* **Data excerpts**
-=-=-

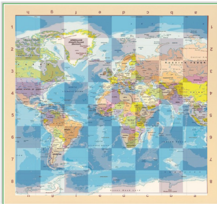
Фиг. 1. Голямата игра и голямата шахматна дъска

рия, която създава в Азия, а Русия се страхува от военното и търговското навлизане на Великобритания в Централна Азия. Историците смятат, че голямата игра приключва на 10 септември 1895 г., когато са подписани протоколите на Комисията за границите на Памир.
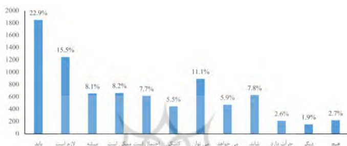
نمودار (۳). فراوانی میزان استفاده از افعال، ساخت‌های بندی و افزوده‌های وجهی

داده‌های آماری مستخرج از تحقیق میدانی (در استان کردستان و اقلیم کردستان عراق) نشان از تمایل زبان کردی به بهره‌گیری از افعال وجهی و ساخت‌های بندی شبه‌دستوری شده برای بیان وجهیت دارد. فراوانی میزان استفاده گویشوران از افعال و ساخت‌های بندی وجهی به صورت نمودار زیر است:
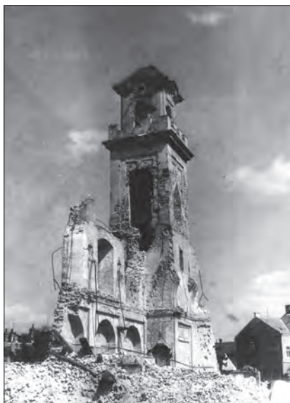
Odklizení trosek před zbouráním věže. 1946.
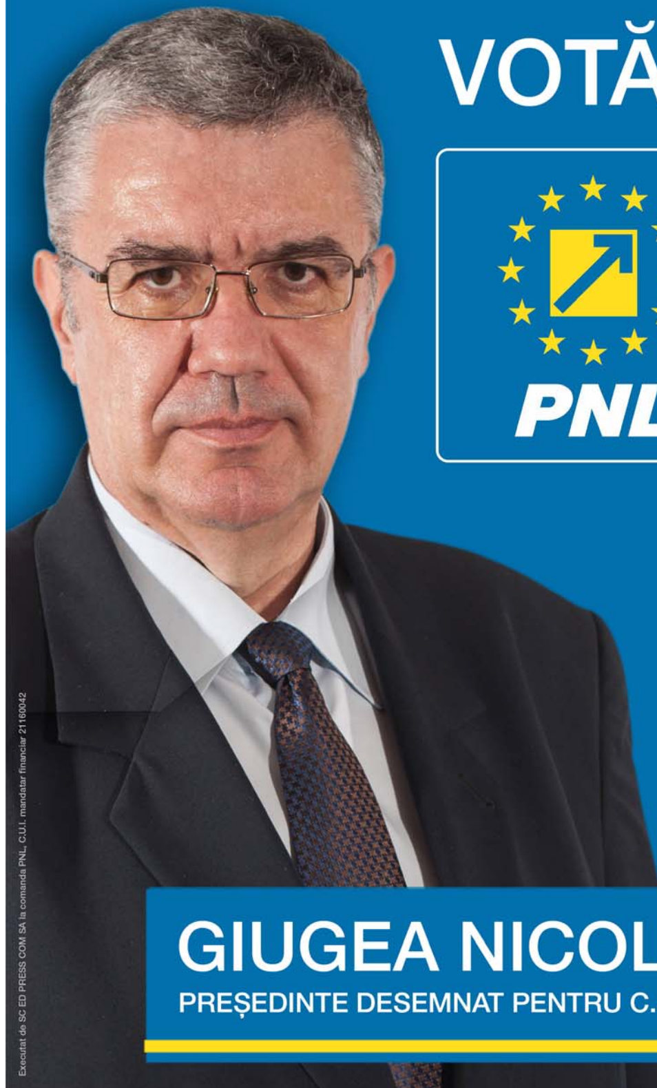
GIUGEA NICOLAE PREȘEDINTE DESEMNAȚ PENTRU C.J. DOLJ
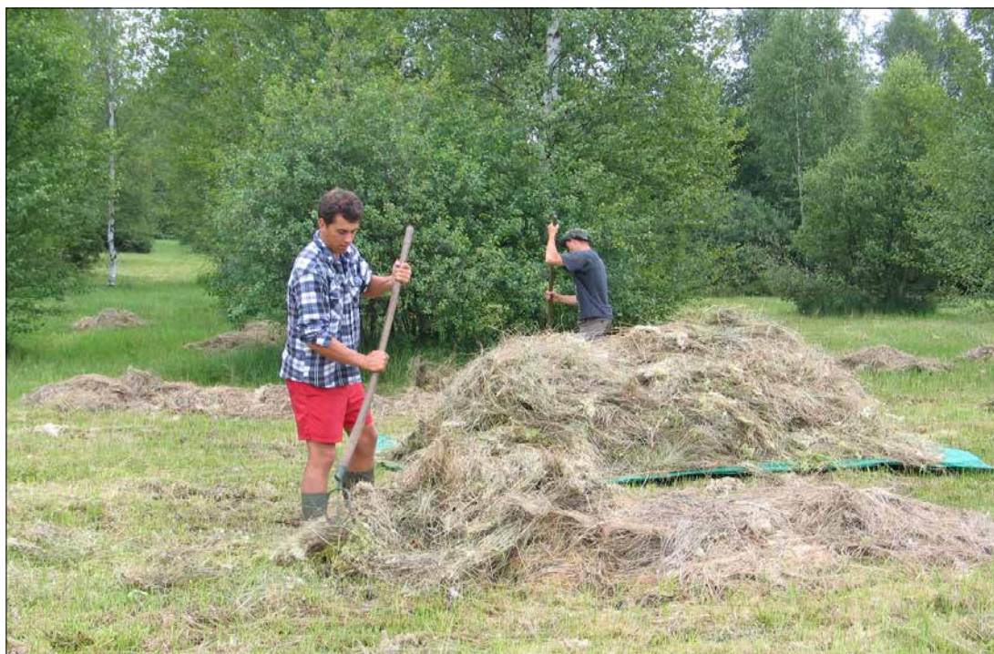
Ruční stahování pokosené trávy
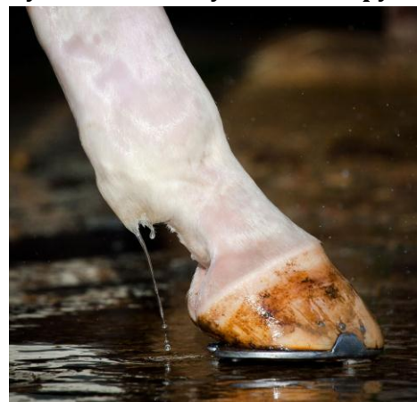
Rysunek 6.12. Czyszczenie kopyt
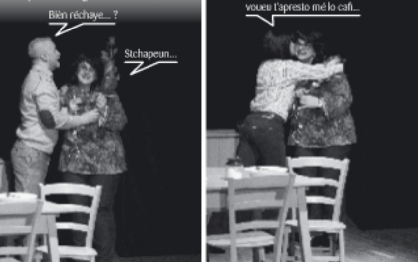
Gueuste léi prédze i bouigno é léi fi de-z-avance.

-=-=-

* **Task**
If a line in the entries above contains "ساخت", report it.

* **Output of the exercise**
نمودار (۳). فراوانی میزان استفاده از افعال، ساخت‌های بندی و افزوده‌های وجهی
داده‌های آماری مستخرج از تحقیق میدانی (در استان کردستان و اقلیم کردستان عراق) نشان از تمایل زبان کردی به بهره‌گیری از افعال وجهی و ساخت‌های بندی شبه‌دستوری شده برای بیان وجهیت دارد. فراوانی میزان استفاده گویشوران از افعال و ساخت‌های بندی وجهی به صورت نمودار زیر است:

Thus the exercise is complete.